Some tests are getting timeouts. It looks like most of them are from google colabs machines (Raincloud and xyzzy). I setup a master vs master test with no changes, and Raincloud got some timeouts: http://ec2-34-217-73-2.us-west-2.compute.amazonaws.com:8000/viewTest/10/

My machine is also getting some timeouts: http://ec2-34-217-73-2.us-west-2.compute.amazonaws.com:8000/viewTest/8/ - 10/100 http://ec2-34-217-73-2.us-west-2.compute.amazonaws.com:8000/viewTest/7/ - 48/920 http://ec2-34-217-73-2.us-west-2.compute.amazonaws.com:8000/viewTest/4/ - 1/140

These are some related PRs: https://github.com/LeelaChessZero/lc0/pull/277 https://github.com/LeelaChessZero/lc0/pull/243 https://github.com/LeelaChessZero/lc0/pull/276

killerducky commented 6 years ago

See also https://github.com/LeelaChessZero/lc0/issues/105

I couldn't reproduce timeouts on my machine. But I did see it using up to 68ms of the 100ms move-overhead buffer. So there's a good chance it was exceeded in a few games. And maybe google colab machines are more vulnerable.

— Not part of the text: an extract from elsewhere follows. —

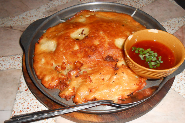 Nagyjából három merőkanál olajat öntenek a serpenyőbe, mielőtt beleöntenék a tojásos, húsos, zöldséges keveréket, ami a forró olajban azonnal lángos-alakot ölt. Ettől aztán cseppet sem tűnik egészségesnek, de kompenzálásnak ott van alatta a babcsíra. És persze e mellé is jár a sweetchili. Mivel nem csak a kaját sütik meg, hanem a tálat is, amiben adják, egy darabig csak nézni érdemes, de lassan kihűl. Képzelj el egy lángos állagú tojásos ételt. Pont olyan.
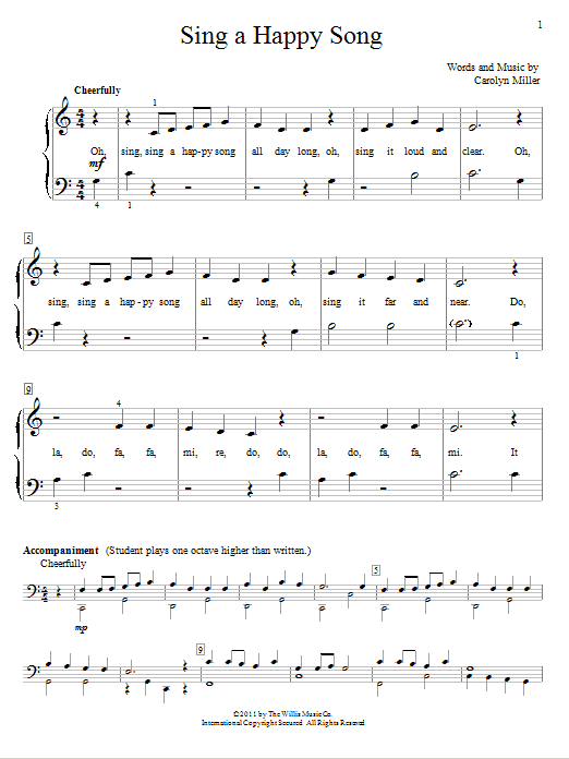 Download or print Carolyn Miller Sing A Happy Song sheet music, chords and digital score arranged for Educational Piano. This Children score includes 2 page(s).

Edit: Ok I have reproduced timeouts now by setting "Aversion to search if change unlikely"=0 aka --futile-search-aversion aka FMA. This makes it so every move does the full search time without exiting early. Since that could happen for basically any move where 2 or more moves are likely, it's just random luck that default FMA and default --move-overhead haven't timed out on my machine.

killerducky commented 5 years ago

No near term plans to work on this. Closing for now.